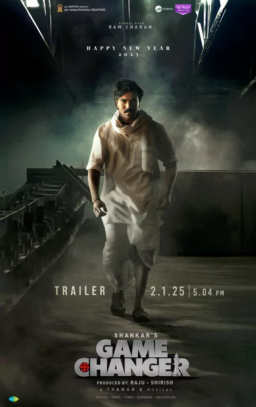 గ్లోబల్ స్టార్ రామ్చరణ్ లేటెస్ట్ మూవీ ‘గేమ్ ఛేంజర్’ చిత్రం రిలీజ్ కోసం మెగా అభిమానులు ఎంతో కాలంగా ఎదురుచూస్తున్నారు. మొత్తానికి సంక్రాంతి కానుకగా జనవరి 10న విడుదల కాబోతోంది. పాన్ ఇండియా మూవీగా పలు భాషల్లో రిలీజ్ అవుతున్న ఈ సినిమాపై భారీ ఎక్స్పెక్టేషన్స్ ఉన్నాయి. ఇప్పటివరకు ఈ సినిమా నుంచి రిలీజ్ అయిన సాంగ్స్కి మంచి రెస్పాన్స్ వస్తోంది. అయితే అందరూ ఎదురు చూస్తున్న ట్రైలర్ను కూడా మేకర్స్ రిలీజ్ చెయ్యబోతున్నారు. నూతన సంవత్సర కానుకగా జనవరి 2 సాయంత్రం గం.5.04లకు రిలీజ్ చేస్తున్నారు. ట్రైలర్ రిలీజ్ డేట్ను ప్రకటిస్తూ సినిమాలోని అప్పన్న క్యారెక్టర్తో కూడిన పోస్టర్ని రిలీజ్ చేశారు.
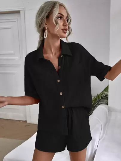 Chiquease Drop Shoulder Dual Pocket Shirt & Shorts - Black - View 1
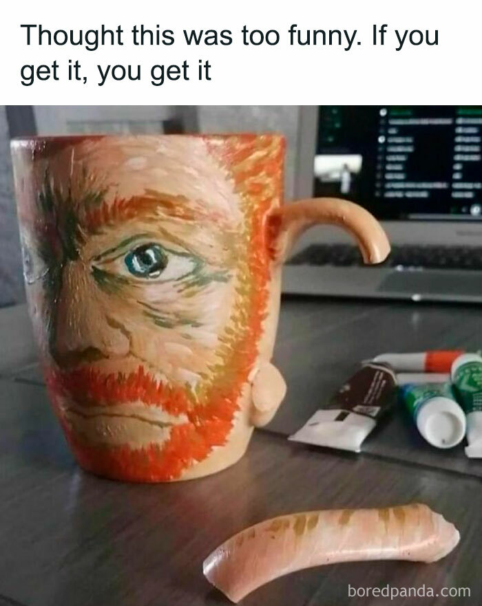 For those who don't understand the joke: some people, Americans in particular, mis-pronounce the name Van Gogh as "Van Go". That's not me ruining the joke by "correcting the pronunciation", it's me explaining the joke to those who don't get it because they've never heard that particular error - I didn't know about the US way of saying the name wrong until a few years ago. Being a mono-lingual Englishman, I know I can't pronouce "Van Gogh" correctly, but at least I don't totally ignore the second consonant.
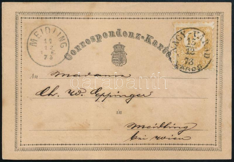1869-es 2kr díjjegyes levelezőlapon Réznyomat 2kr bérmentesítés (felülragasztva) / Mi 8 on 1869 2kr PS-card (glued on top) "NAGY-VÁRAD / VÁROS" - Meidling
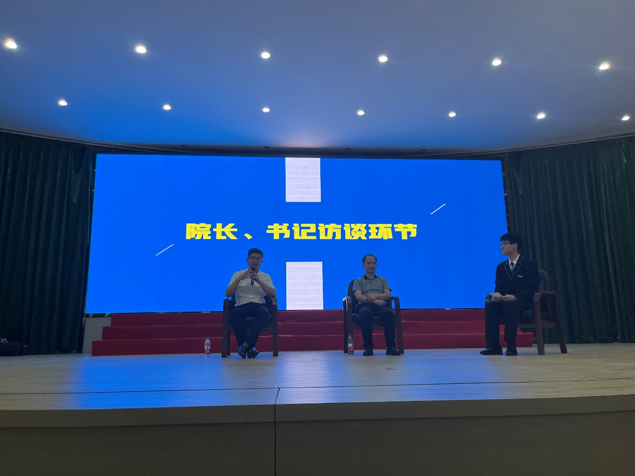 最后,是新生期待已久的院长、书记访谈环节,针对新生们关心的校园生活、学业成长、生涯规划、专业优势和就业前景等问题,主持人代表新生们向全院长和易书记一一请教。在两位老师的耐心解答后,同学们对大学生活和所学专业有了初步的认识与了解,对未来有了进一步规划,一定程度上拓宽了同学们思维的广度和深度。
==
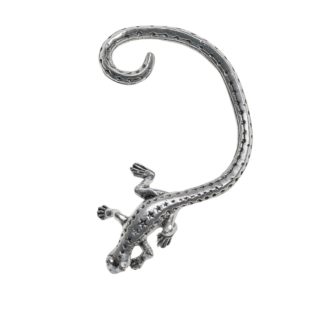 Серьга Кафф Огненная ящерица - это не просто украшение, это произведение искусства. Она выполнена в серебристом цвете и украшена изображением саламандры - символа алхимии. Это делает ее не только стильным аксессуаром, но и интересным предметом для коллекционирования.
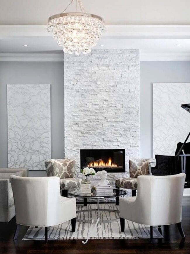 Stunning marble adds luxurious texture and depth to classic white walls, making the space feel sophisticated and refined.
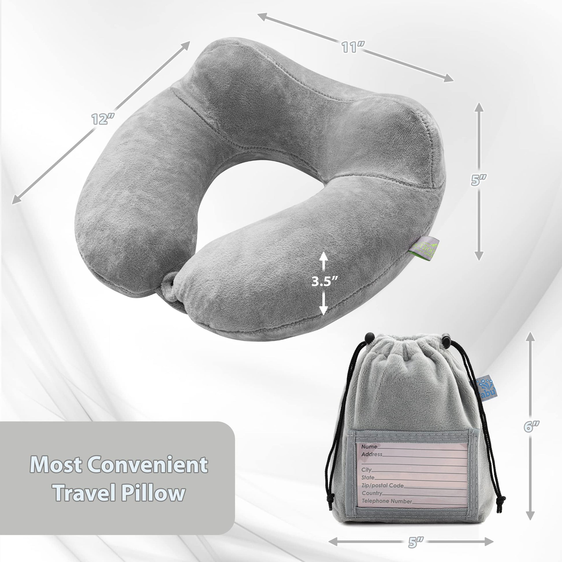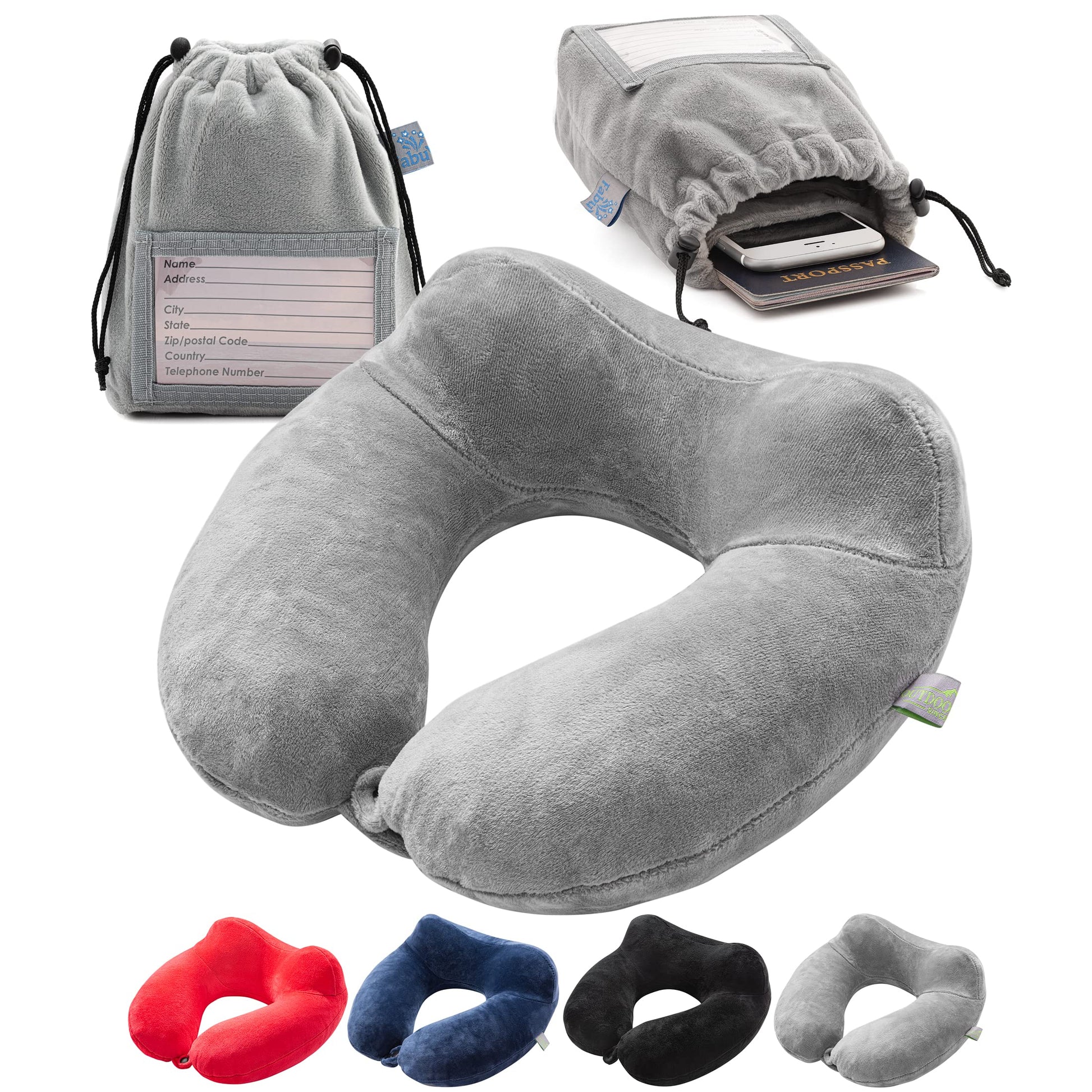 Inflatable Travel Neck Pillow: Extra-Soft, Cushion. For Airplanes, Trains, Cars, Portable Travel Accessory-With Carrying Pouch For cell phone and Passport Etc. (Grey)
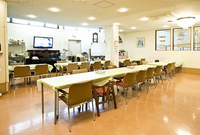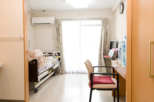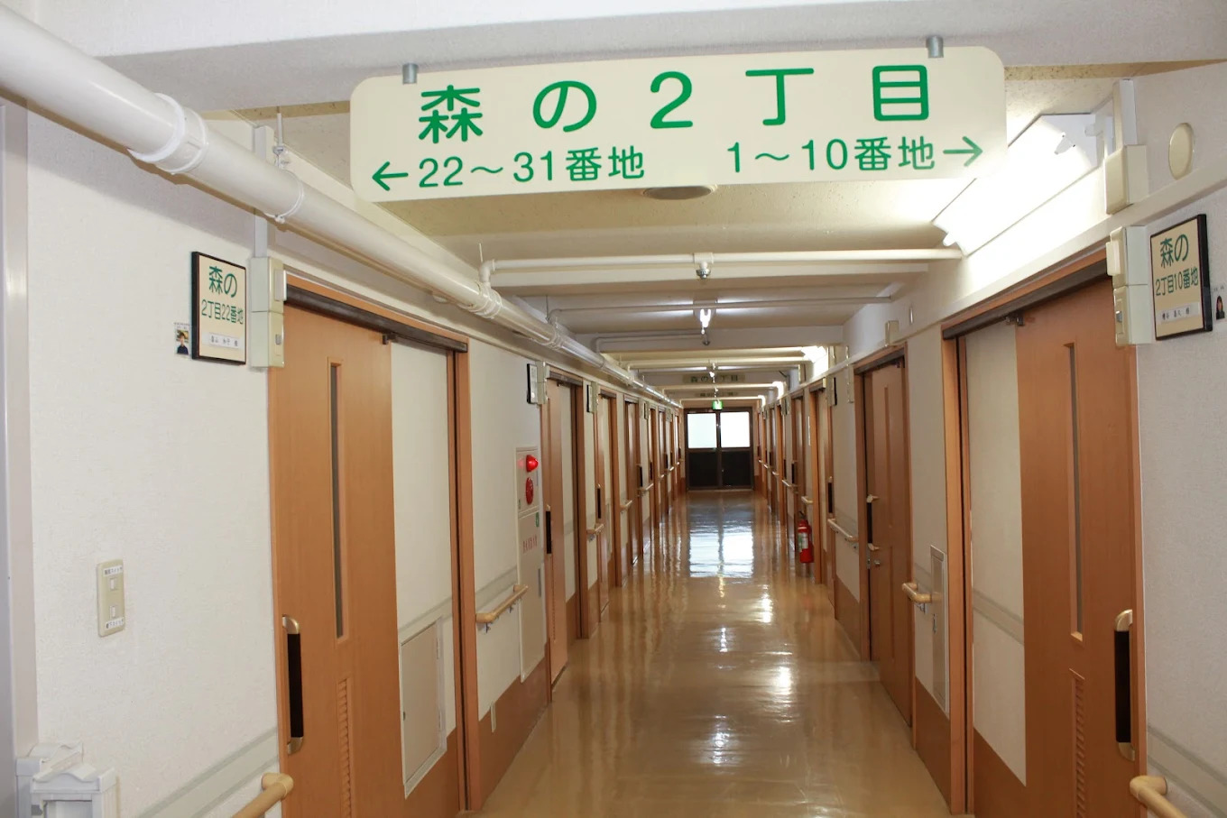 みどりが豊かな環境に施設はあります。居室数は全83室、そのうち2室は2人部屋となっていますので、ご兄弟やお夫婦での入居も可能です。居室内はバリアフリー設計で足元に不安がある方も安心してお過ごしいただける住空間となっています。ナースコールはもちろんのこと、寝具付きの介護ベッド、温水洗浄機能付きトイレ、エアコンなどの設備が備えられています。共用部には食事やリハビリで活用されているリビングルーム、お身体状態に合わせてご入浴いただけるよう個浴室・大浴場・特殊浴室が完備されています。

**Task description**. The copy should hold exactly the lines above from the one with "Chiquease Drop Shoulder" through the one with "最后,是新生期待已久的院长、", both ends counted, and no pictures at all.

**Exercise solution**.
 Chiquease Drop Shoulder Dual Pocket Shirt & Shorts - Black - View 1
 For those who don't understand the joke: some people, Americans in particular, mis-pronounce the name Van Gogh as "Van Go". That's not me ruining the joke by "correcting the pronunciation", it's me explaining the joke to those who don't get it because they've never heard that particular error - I didn't know about the US way of saying the name wrong until a few years ago. Being a mono-lingual Englishman, I know I can't pronouce "Van Gogh" correctly, but at least I don't totally ignore the second consonant.
1869-es 2kr díjjegyes levelezőlapon Réznyomat 2kr bérmentesítés (felülragasztva) / Mi 8 on 1869 2kr PS-card (glued on top) "NAGY-VÁRAD / VÁROS" - Meidling
 最后,是新生期待已久的院长、书记访谈环节,针对新生们关心的校园生活、学业成长、生涯规划、专业优势和就业前景等问题,主持人代表新生们向全院长和易书记一一请教。在两位老师的耐心解答后,同学们对大学生活和所学专业有了初步的认识与了解,对未来有了进一步规划,一定程度上拓宽了同学们思维的广度和深度。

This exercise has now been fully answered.